◆ What is expected: This exercise calls for the whole listing to be given again exactly, without images.

◆ Given information:

□ □ □ □ □ □ □

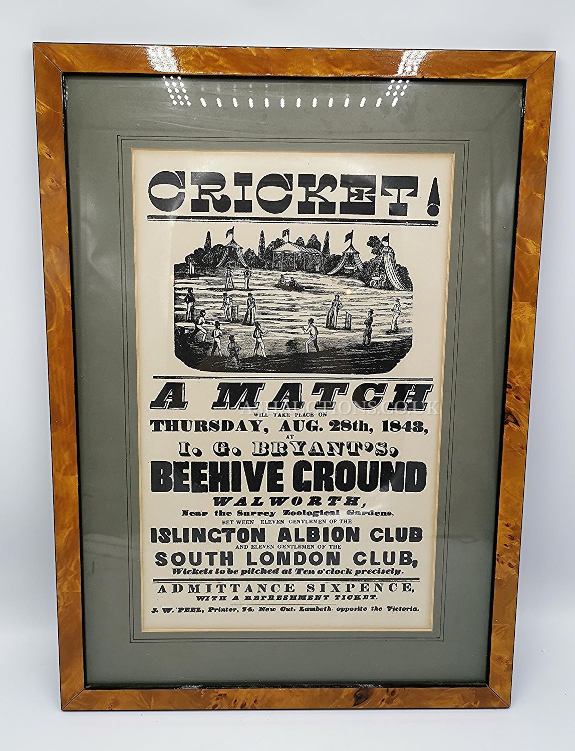 FRAMED And GLAZED CRICKET SCENE PICTURE (Please Note This Lot WILL NOT BE PACKED OR SHIPPED...PICK UP ONLY!!!)
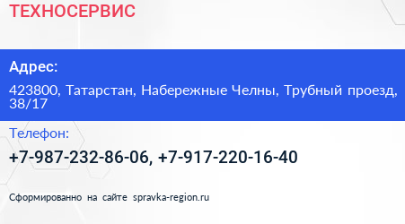 ТЕХНОСЕРВИС по адресу 423800, Татарстан, Набережные Челны, Трубный проезд, 38/17 в дальнейшем Организация, размещена в следующих категориях:
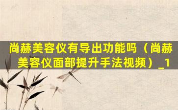 尚赫美容仪有导出功能吗(尚赫美容仪面部提升手法视频)

□ □ □ □ □ □ □

◆ Solution:
 FRAMED And GLAZED CRICKET SCENE PICTURE (Please Note This Lot WILL NOT BE PACKED OR SHIPPED...PICK UP ONLY!!!)
 ТЕХНОСЕРВИС по адресу 423800, Татарстан, Набережные Челны, Трубный проезд, 38/17 в дальнейшем Организация, размещена в следующих категориях:
 尚赫美容仪有导出功能吗(尚赫美容仪面部提升手法视频)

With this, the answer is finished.